:: SOURCE MATERIAL ::

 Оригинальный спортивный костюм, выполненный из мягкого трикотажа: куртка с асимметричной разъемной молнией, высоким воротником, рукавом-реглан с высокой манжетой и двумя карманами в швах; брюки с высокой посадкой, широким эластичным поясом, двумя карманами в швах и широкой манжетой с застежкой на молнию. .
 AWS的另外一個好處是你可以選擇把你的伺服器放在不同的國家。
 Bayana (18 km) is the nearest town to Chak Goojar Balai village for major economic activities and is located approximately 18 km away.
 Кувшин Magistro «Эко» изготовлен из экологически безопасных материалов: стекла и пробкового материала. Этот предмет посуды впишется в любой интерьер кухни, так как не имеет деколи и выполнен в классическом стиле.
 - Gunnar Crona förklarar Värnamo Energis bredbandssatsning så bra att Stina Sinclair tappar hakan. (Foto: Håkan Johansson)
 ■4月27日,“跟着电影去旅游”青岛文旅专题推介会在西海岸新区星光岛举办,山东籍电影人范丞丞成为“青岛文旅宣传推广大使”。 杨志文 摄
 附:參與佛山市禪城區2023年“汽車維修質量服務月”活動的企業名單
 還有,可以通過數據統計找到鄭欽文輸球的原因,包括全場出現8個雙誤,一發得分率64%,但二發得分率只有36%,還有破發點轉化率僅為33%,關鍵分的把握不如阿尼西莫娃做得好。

:::
:: SOURCE MATERIAL ::

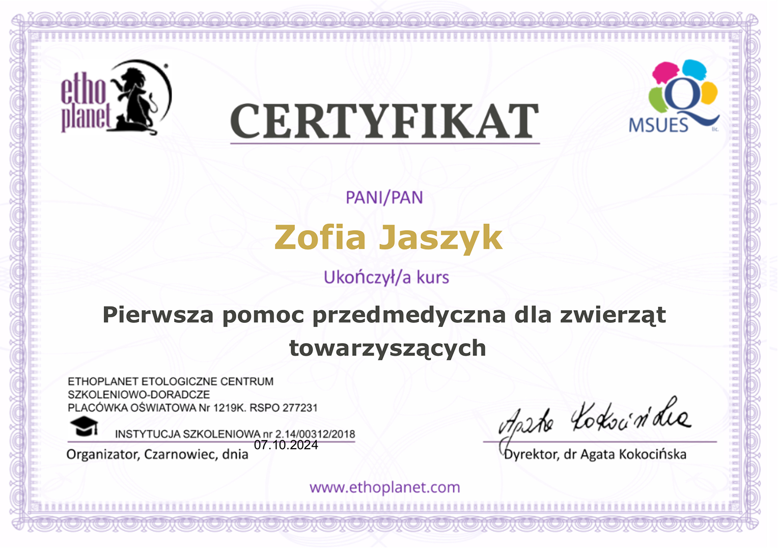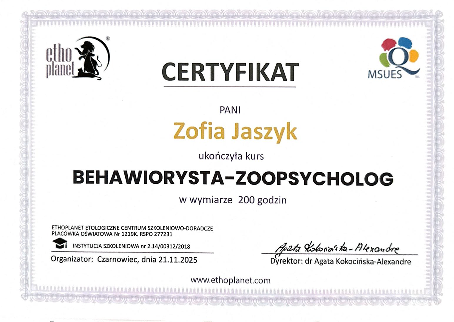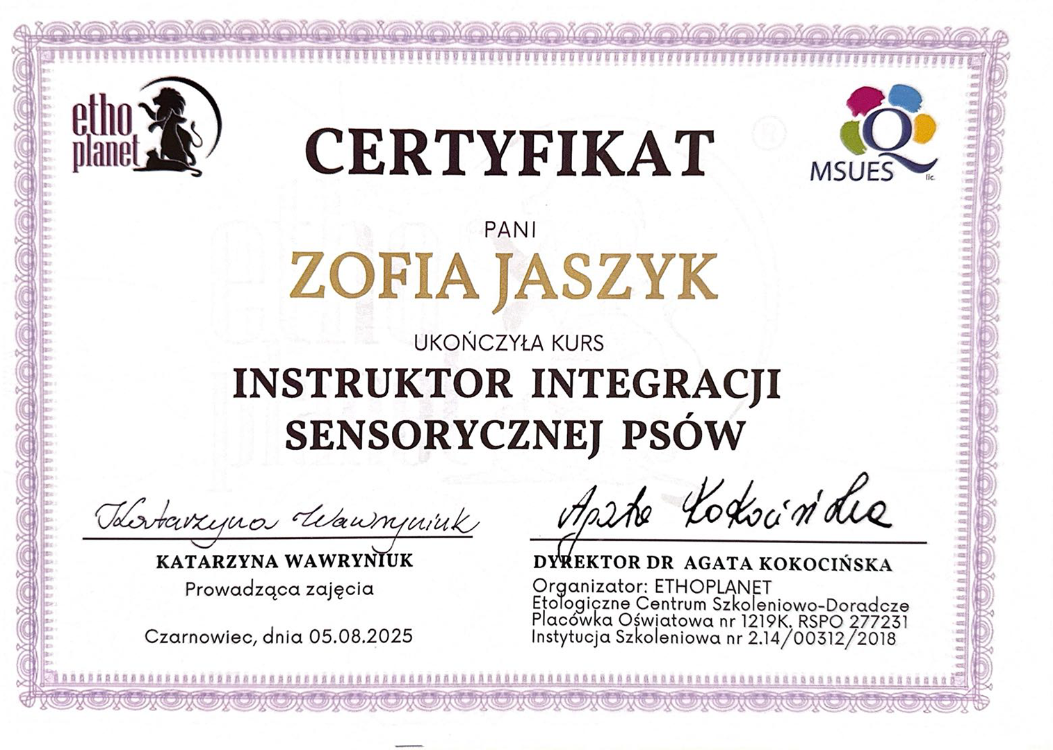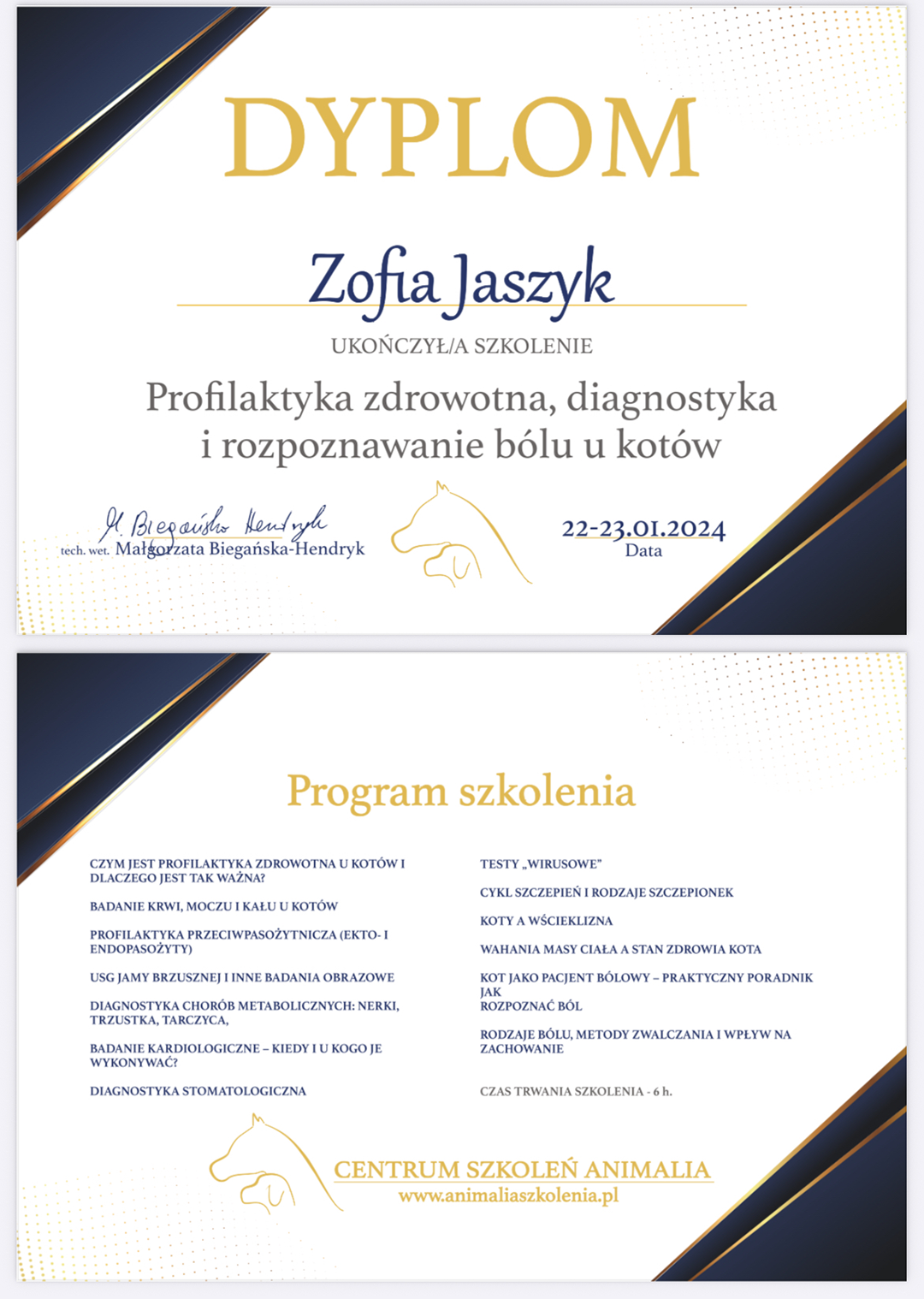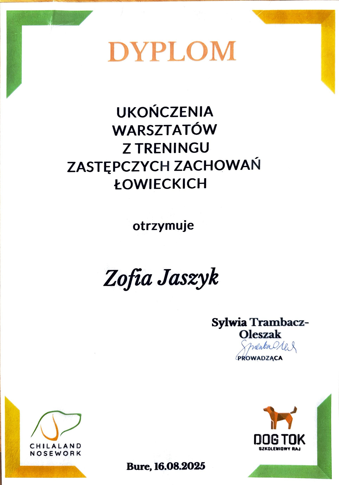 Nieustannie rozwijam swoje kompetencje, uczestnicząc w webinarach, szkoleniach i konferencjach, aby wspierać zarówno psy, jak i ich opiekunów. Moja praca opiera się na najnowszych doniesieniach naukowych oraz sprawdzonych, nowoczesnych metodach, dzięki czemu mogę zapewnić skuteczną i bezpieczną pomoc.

:::
:: SOURCE MATERIAL ::

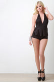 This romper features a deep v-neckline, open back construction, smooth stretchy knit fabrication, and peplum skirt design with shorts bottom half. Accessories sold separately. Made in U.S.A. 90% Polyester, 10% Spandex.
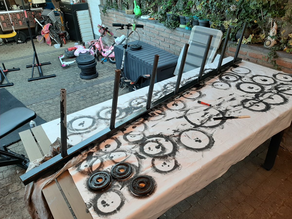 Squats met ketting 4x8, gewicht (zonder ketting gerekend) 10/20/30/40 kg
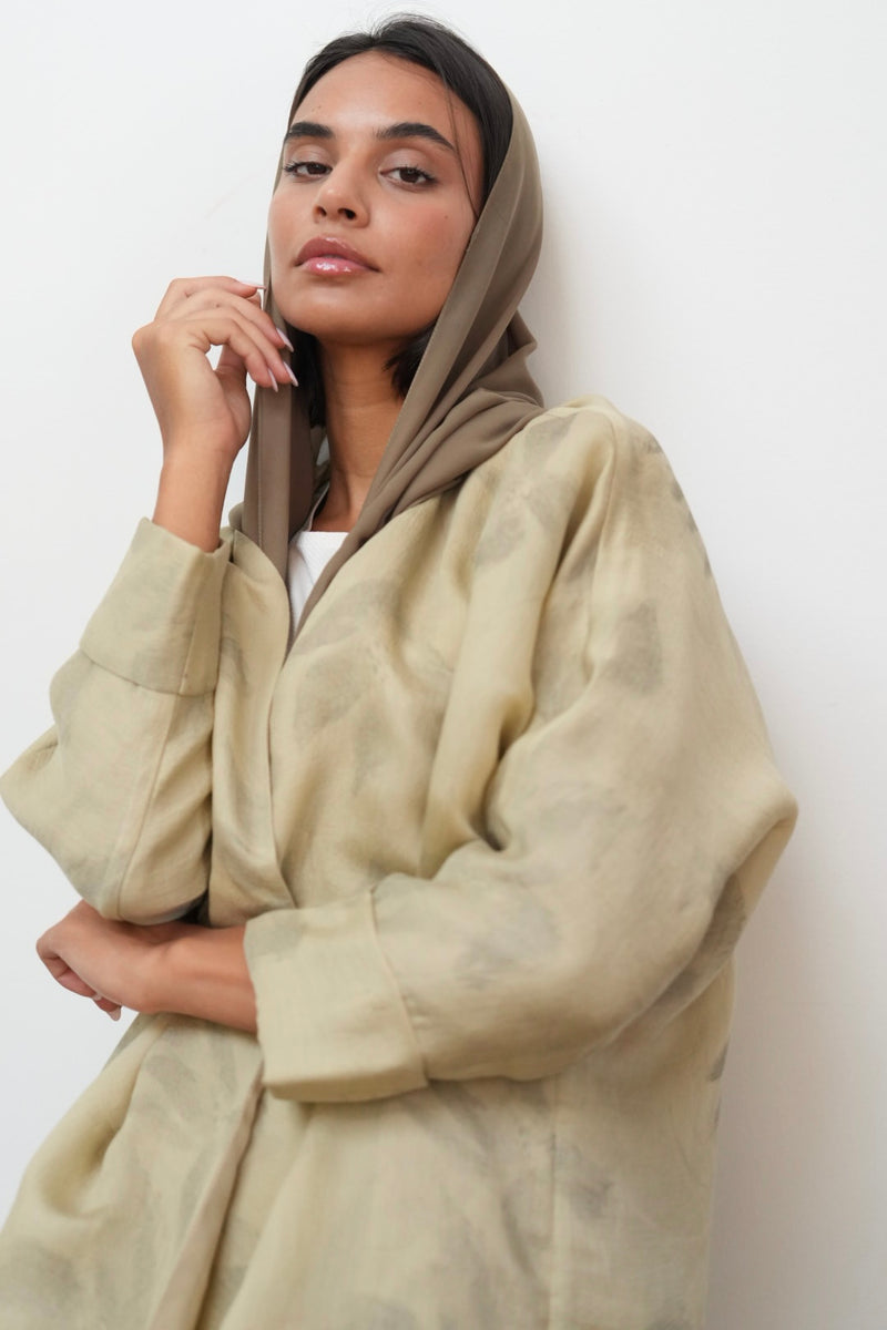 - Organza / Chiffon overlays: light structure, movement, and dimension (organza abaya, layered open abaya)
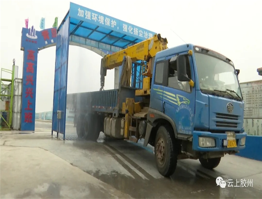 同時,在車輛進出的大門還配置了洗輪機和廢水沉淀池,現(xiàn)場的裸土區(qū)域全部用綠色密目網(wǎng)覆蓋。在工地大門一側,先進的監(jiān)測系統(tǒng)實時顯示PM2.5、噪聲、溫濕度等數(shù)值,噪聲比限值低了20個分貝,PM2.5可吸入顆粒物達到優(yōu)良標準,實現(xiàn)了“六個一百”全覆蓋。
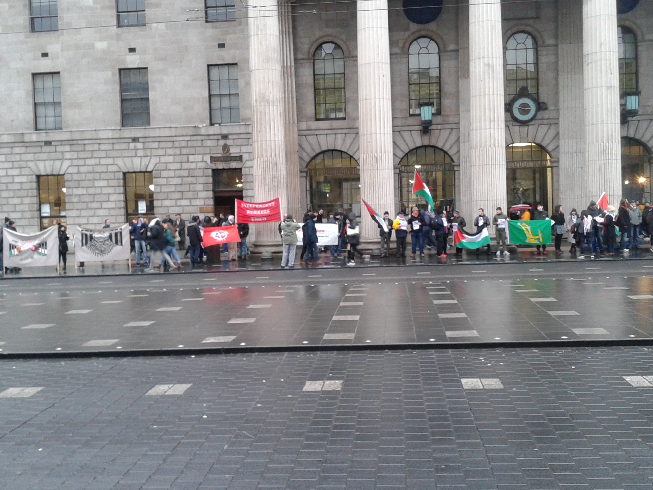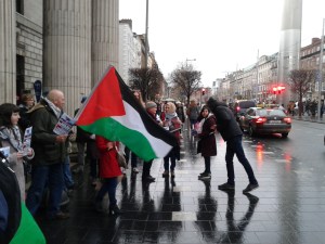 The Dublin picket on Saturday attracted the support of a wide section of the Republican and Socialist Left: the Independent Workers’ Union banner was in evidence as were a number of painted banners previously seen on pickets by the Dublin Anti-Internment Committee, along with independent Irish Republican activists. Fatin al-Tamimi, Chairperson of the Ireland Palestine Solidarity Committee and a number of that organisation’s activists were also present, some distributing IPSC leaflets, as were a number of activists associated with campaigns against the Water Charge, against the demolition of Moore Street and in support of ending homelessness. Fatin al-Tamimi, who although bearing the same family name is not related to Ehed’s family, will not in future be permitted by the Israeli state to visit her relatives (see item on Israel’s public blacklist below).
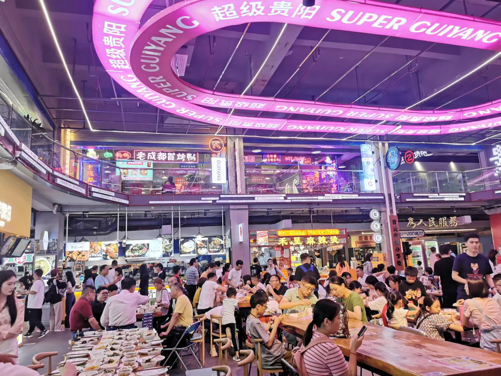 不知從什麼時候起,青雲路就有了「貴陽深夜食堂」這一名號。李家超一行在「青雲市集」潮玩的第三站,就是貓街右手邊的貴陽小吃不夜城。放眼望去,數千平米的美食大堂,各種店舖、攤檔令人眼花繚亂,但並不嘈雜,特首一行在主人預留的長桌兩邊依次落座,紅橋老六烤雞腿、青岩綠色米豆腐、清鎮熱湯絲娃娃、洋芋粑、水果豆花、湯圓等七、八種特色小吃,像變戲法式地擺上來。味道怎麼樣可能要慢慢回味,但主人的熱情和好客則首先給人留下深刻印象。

:::

--- REQUIRED ACTION ---
Scan the lines above for "в классическом стиле." and for "還有,可以通過數據統計找到鄭". Repeat exactly the line holding each of them and every line in between.

--- EXERCISE SOLUTION ---
 Кувшин Magistro «Эко» изготовлен из экологически безопасных материалов: стекла и пробкового материала. Этот предмет посуды впишется в любой интерьер кухни, так как не имеет деколи и выполнен в классическом стиле.
 - Gunnar Crona förklarar Värnamo Energis bredbandssatsning så bra att Stina Sinclair tappar hakan. (Foto: Håkan Johansson)
 ■4月27日,“跟着电影去旅游”青岛文旅专题推介会在西海岸新区星光岛举办,山东籍电影人范丞丞成为“青岛文旅宣传推广大使”。 杨志文 摄
 附:參與佛山市禪城區2023年“汽車維修質量服務月”活動的企業名單
 還有,可以通過數據統計找到鄭欽文輸球的原因,包括全場出現8個雙誤,一發得分率64%,但二發得分率只有36%,還有破發點轉化率僅為33%,關鍵分的把握不如阿尼西莫娃做得好。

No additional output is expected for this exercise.